Santa Maria delle Muratelle, or Santa Maria Annunziata delle Muratelle, is a 17th-century Roman Catholic church located on Via Saragozza #2 in Bologna, region of Emilia Romagna, Italy.

==History==
A 13th-century church at the site was razed in 1630 to allow for the building of a new street for the expanding city, and in turn causing this new church to be built. Around the year 1735, the interior was refurbished by Carlo Francesco Dotti. The facade remained incomplete, and was only finished in 1928 by Edoardo Collamarini. The bell-tower dates to 1690. The church was deconsecrated in 1805 during the French occupation, and the parish moved to Santa Caterina di Saragozza. With restoration of papal authority, the church was remade into a parish church.
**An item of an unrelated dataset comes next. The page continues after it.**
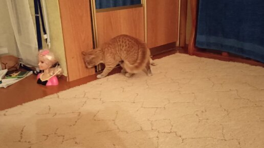 Кот играет в куклы
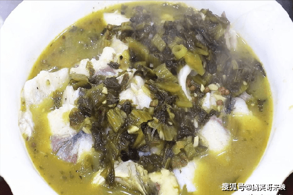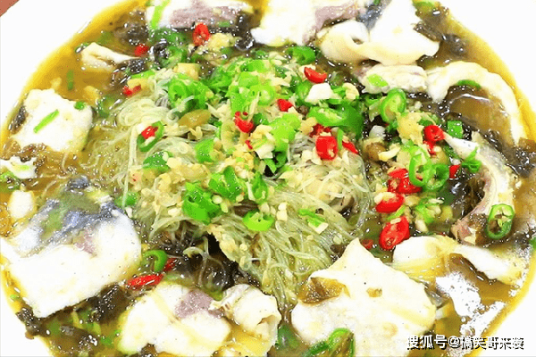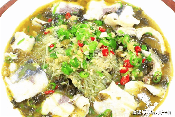 5分钟以后把粉丝放入酸菜汤中,烫10秒钟立即关火,然后把鱼头酸菜汤浇在鱼片上面,鱼片会被热汤再次加热成熟、肉质会非常细嫩。

Inside the main altarpiece was painted in 1783 by Jacopo Alessandro Calvi. The altar sculpture (circa 1717) was completed Giuseppe Maria Mazza (1717 c.). There is also a painting by Giovanni Francesco Gessi.

The adjacent oratory was designed in 1772 by Raimondi Compagnini, with statues by Domenico Piò, paintings by Ubaldo Bovicini, and stucco-work by Pietro Martire Bagutti.

The first altar on right of the entrance once had a canvas by Tardini then one by Pezzi Ragazzoni. The church had a fresco of a Virgin and Child (prior to 1220) that had been painted on the wall of the earlier church.